Detect when the failure happens and retry
Sometimes it’s possible for the code itself to immediately recognize when the intermittent problem has occurred. This is common when calling external APIs which occasionally fail; either the API returns an error code and message, or a timeout occurs. Sometimes the intermittent failure can be overcome by having the code retry the operation which failed. Often retries are done with an exponential backoff delay, i.e. waiting an amount of time that increases exponentially to give the external system more time to recover so that the next operation succeeds.
This approach may not work due to the nature of the operation which fails. If it is a read-only operation, then it is usually worth a try. But if the operation writes data, or changes state, then it is much harder to retry, because you first have to determine where in the write process or state updating process the failure occurred; a partial write or update may have been done. It may not always be possible to retry an intermittent failure.
Detect the failure later and repair the state
Sometimes it is not possible to detect and fix the problem in real time, but it can be done later, if the input data is still available. This is actually a somewhat common approach when dealing with databases: you write a “database consistency” job which scans the database and fixes missing data or inconsistent state information, and then run this job every hour, day, or week. Some may consider this to be giving up, but it may be the most cost effective way of solving the problem.

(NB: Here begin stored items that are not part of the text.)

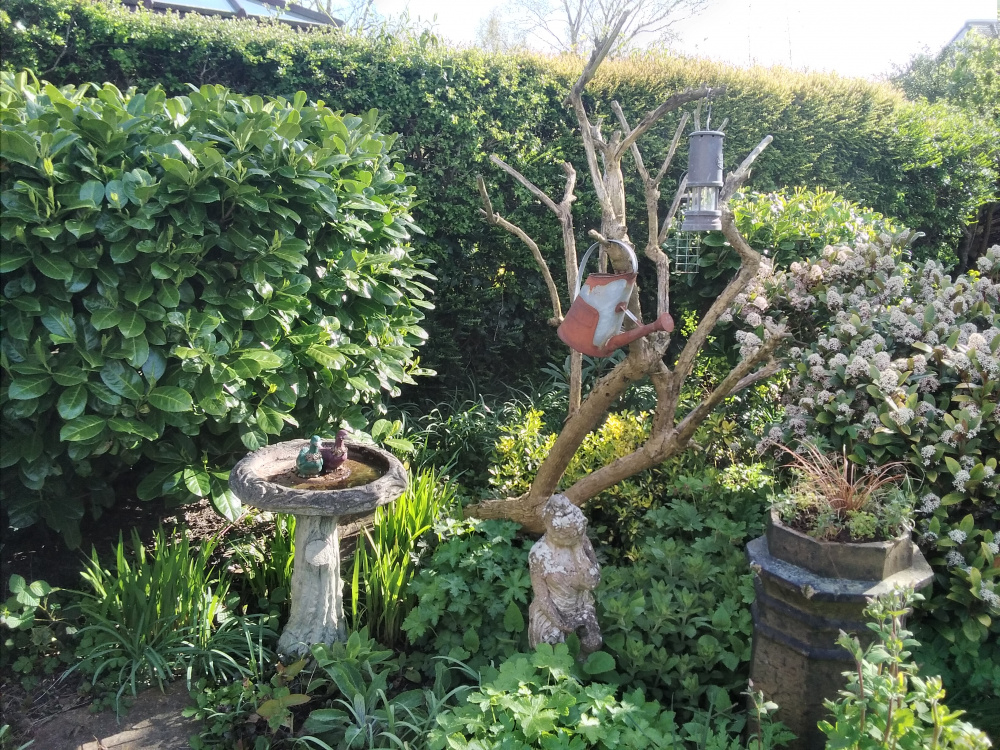 Like quite a lot of sun but with the best will in the world, I suspect it may struggle considering the amount of ground cover you have there. Perhaps you could fix a hanging pot on one of the branches with a trailing plant to give you a splash of colour for the summer? Nice looking garden BTW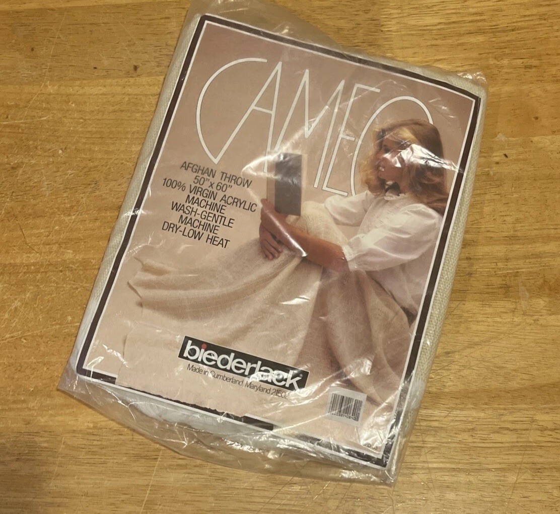 This vintage Biederlack acrylic throw blanket features a beige color with a geometric cameo fringe design, giving it a bohemian and romantic style. Measuring 50 x 60 inches, this rectangular blanket is perfect for adding a cozy and unique touch to any room. Made in the United States, this original piece is machine washable and breathable, making it a versatile and stylish addition to any home decor.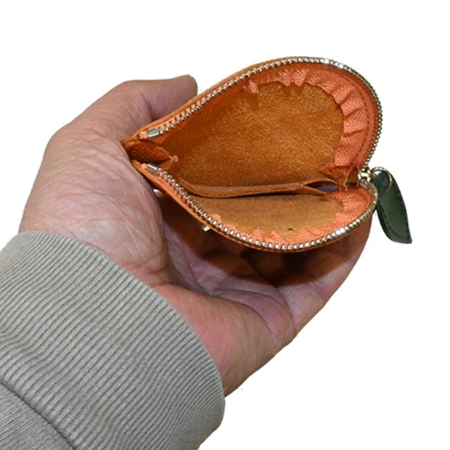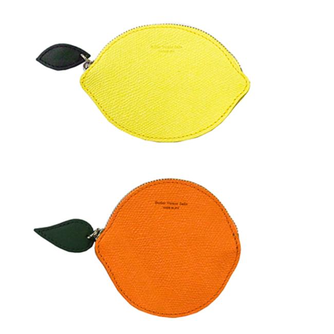 日本製の牛革を使用したレモンとオレンジの形の小銭入れ

Try a completely different approach
Usually the intermittent problem can be isolated to a particular section of the code. One possible solution may be to rewrite this section of code by taking a completely different approach. Maybe the ordering of events can be changed, or the code can be rewritten in a pure functional style, or a different methodology can be implemented for code which runs concurrently. If there is a reliance on an external library, and a suspicion that the problem may reside in that library, replacing the library may actually be the true solution to the problem. This tactic may take a while to implement, and may not solve the problem, so these downsides need to be considered before embarking on this path.
Live with it
Not every problem makes economic sense to resolve. If the impact of the problem is minor, and it cannot be found and fixed after spending some time trying the various approaches described above, it might be best just to live with the deficiency. There may be other bugs or new features which users would prefer to see addressed with the time that would otherwise be spent solving the intermittent problem.